I am trying to retrieve the content from a .gz file that contains a collection of html documents, it's a file from the GOV2 collection. Each pages is separated by the tag, and each tag contains several meta informations, among them the id of the document and (or ), its content. Here is an exemple of such a file:
<doc>
<docno>GX000-xx-xxxxxxx</docno>
<dochdr>
<!-- no relevant meta info -->
</dochdr>
<!DOCTYPE HTML PUBLIC "-//IETF//DTD HTML 3.0//EN">
<html>
<!-- the content I want to extract -->
</html>
</doc>
<doc>
<docno>GX000-xx-xxxxxxy</docno>
<dochdr>
<!-- no relevant meta info -->
</dochdr>
<!DOCTYPE HTML PUBLIC "-//IETF//DTD HTML 3.0//EN">
<html>
<!-- another content I want to extract -->
</html>
</doc>
I need to have a list containing each docno and each content of html tags separately.
Here is what I've done using BeautifulSoup:
doc_file = 'xx.gz'
f = gzip.open(data_dir + doc_file)
doc_string = f.read()
f.close()
soup = BeautifulSoup(doc_string, "html.parser")
doc_list = soup.select('DOC')
doc_no = []
doc_content = []
for doc in doc_list:
doc_no.append(doc.find('docno').get_text())
doc_raw = doc.find('html')
if doc_raw is None: #It's possible a doc has no html tag
doc_content.append('<null/>')
else:
doc_content.append(re.sub(r'(\n\s*)+\n+', '\n', doc.find('html').get_text()))
This works, but html.parser is a very slow parser (about 4 min per file, but I have several thousands to scrape from...). Thankfully, it's almost instant using another parser like lxml. However such a parser, for whatever reason, removes the <html> tags. I've tried an alternate way where I replaced these tags in doc_string (using doc_string=doc_string.replace(b'<html>', b'<2html>') before calling BeautifulSoup but:
the process is very slow
for whatever reason the < are transformed into <, to unescape it I found no easier way than decoding doc_string, unescape it, then re-encode it which is ridiculous time-wise. Even replacing directly b'html' per b'2html' seems to escape the < and >
Do you have a faster way to do such a task ?
Thank you for your help.
As said in my post, I thought converting the document to string, then replacing html tags and then re-encode the string to bytes would be too long. Turns out I was wrong.
The strategy I used after figuring this out is to replace EVERY html occurence (not only tags) by another, unique word (like here in the following with htmltag).
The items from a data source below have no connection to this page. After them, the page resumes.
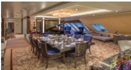
Palace Villa 皇宫庭院别墅
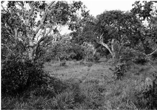
Fig. 4: Cerrado vegetation on semialtura of the Omi river, Barba Azul Nature Reserve, Yacuma Province, El Beni, Bolivia

Cerrado-Vegetation mittlerer Höhenlagen am Omi-Fluss, Barba Azul Naturreservat, Yacuma Provinz, El Beni, Bolivien
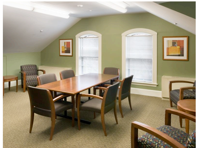
Conference room and lounge for Petrie-Flom Center
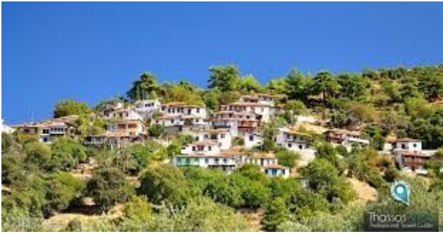
The village of Sotiras in the heart of Thassos
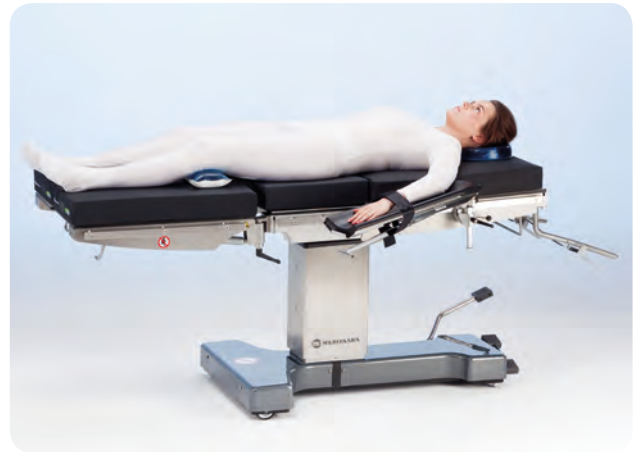
Supine position for general surgery
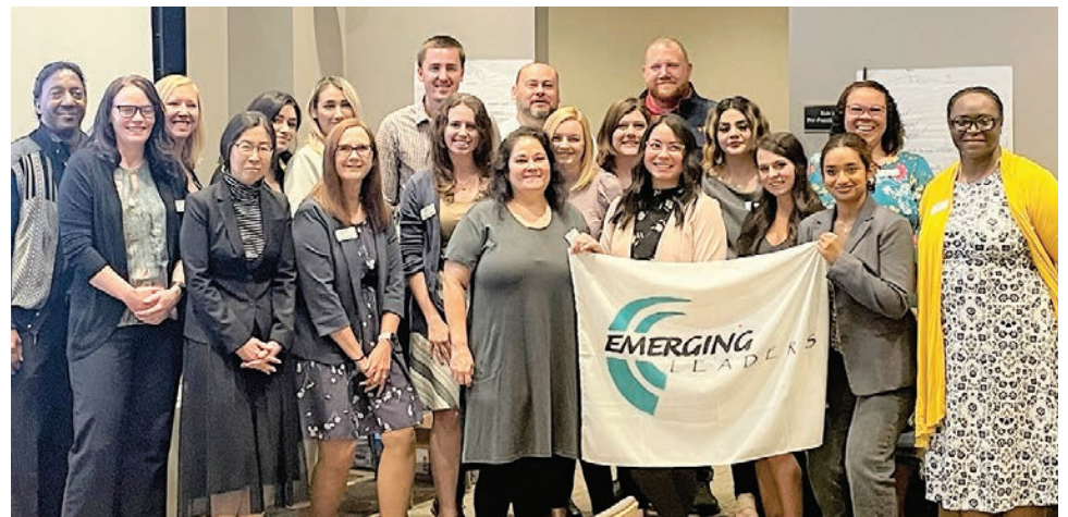
The inaugural class of The Chamber's Emerging Leaders.

To see upcoming Chamber meetings as well as Chamber member events – go to the calendar!
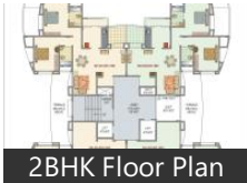
2BHK Floor Plan
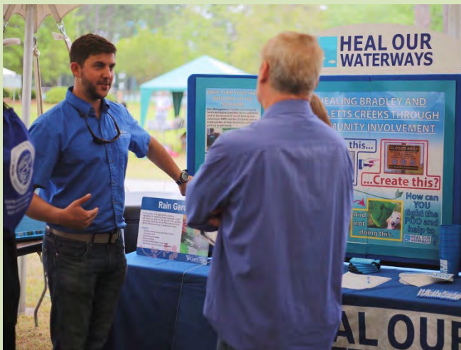
💧 HOW staff at Wilmington's Earth Day Festival

The City of Wilmington Stormwater Services and New Hanover Soil & Water Conservation District partner to bring discounted rain barrels to the public. Benefits of installing a rain barrel include reducing stormwater runoff, collecting free water all year long, and reducing your water bill!
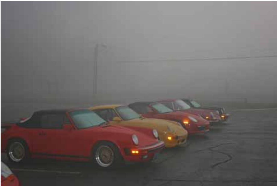
Porsches in the fog early Saturday morning of the tour.
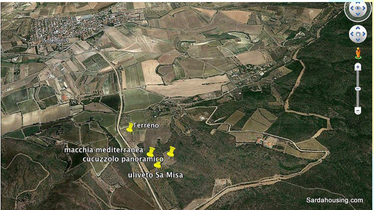
9 - Soleminis – Farm Land Sa Misa
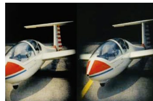
Stereographic Pair - relax your eyes to overlap the images and see in 3D as with the old Viewmaster®

e-zines, and books can be produced as well. An extensive English background helps to ensure that editing is well done too.
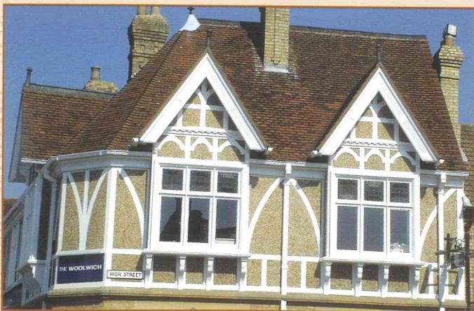
1 High Street (The Woolwich).

On the north east side of the roundabout, No.'s 2, 2A and 4 St. Neots Road and No. 18 Market Square form an important group. Collectively, they make a positive contribution to the Conservation Area. For instance, No. 2 has margin light glazing and No. 4 has quoins, doorcase and margin lights. No. 18 is also impressive with its red brick bays, fanlight and delicate dog-toothed dentil course under the eaves. Together they form the town centre front of the Jordan's Yard site, their retention is important and their restoration to good condition would be an important step towards improvement of the area.
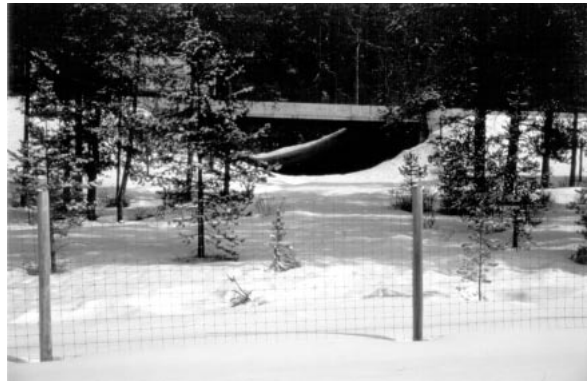
Highway mitigation fencing and wildlife underpass in Banff National Park, Alberta.
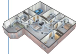
PACI FS MULTI
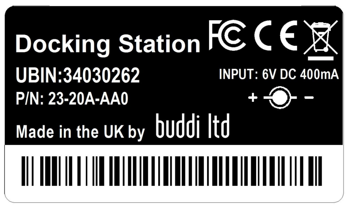
Figure 10: Dock label artwork
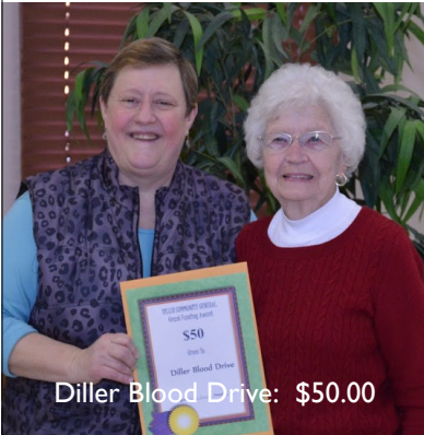
Diller Blood Drive: $50.00
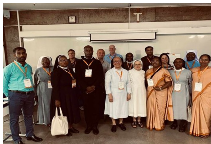
Workshop Group: German, Brazilian, American, Australian, Filipina, Chilean, Indian, South African, Tanzanian
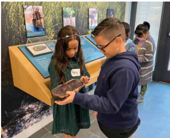
Students discuss how dug-out mishoons (canoes) are made during the Museum's program on Native history through archaeology.

Then once I scraped the content of a htmltag, I replaced each remaining occurence of htmltag back to html. That way the content is not altered at all.
f = gzip.open(data_dir + doc_file)
doc_string = f.read()
f.close()
doc_string_str = doc_string.decode(errors='ignore')
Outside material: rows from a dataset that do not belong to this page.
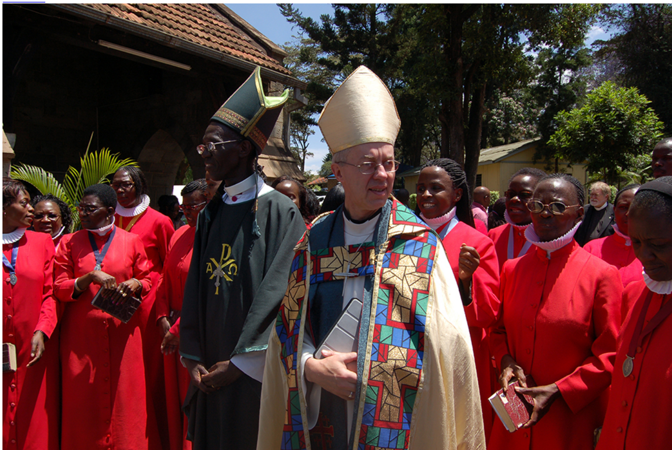
Archbishop of Canterbury Justin Welby, center, during a 2013 visit to Nairobi, Kenya.
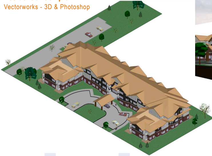
Residential Complex Vectorworks - 3D & Photoshop
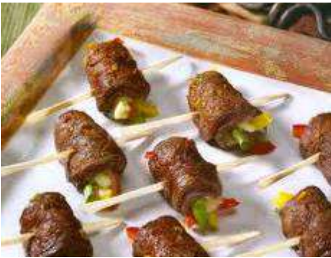
HIBACHI BEEF SKEWERS
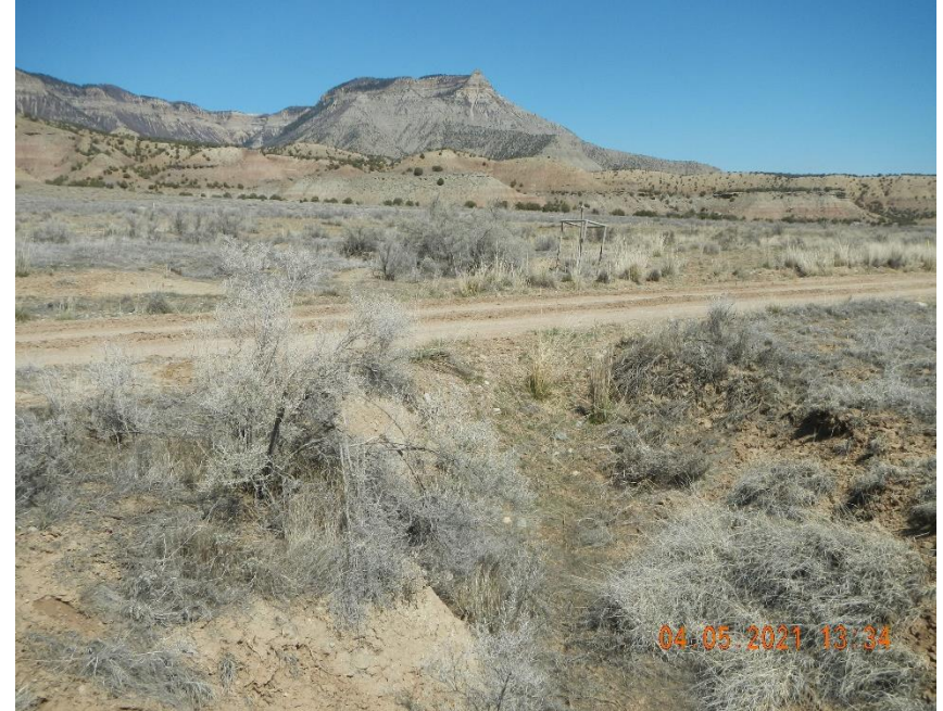
39.47991 108.02467 Drainage ditch

doc_string_str = doc_string_str.replace('html', 'htmltag')
doc_string = doc_string_str.encode()
soup = BeautifulSoup(doc_string, "lxml")
doc_list = soup.select('DOC')
doc_no = []
doc_content = []
for doc in doc_list:
doc_no.append(doc.find('docno').get_text())
doc_raw = doc.find('htmltag')
if doc_raw is None: #It's possible a doc has no html tag
doc_content.append('<null/>')
else:
doc_content.append(re.sub(r'(\n\s*)+\n+', '\n', doc.find('htmltag').get_text()).replace('htmltag', 'html'))
Thank you for @shellter and @JL_Peyret for the help, I basically followed what you told me but directly in Python. It know takes about 15 seconds per documents.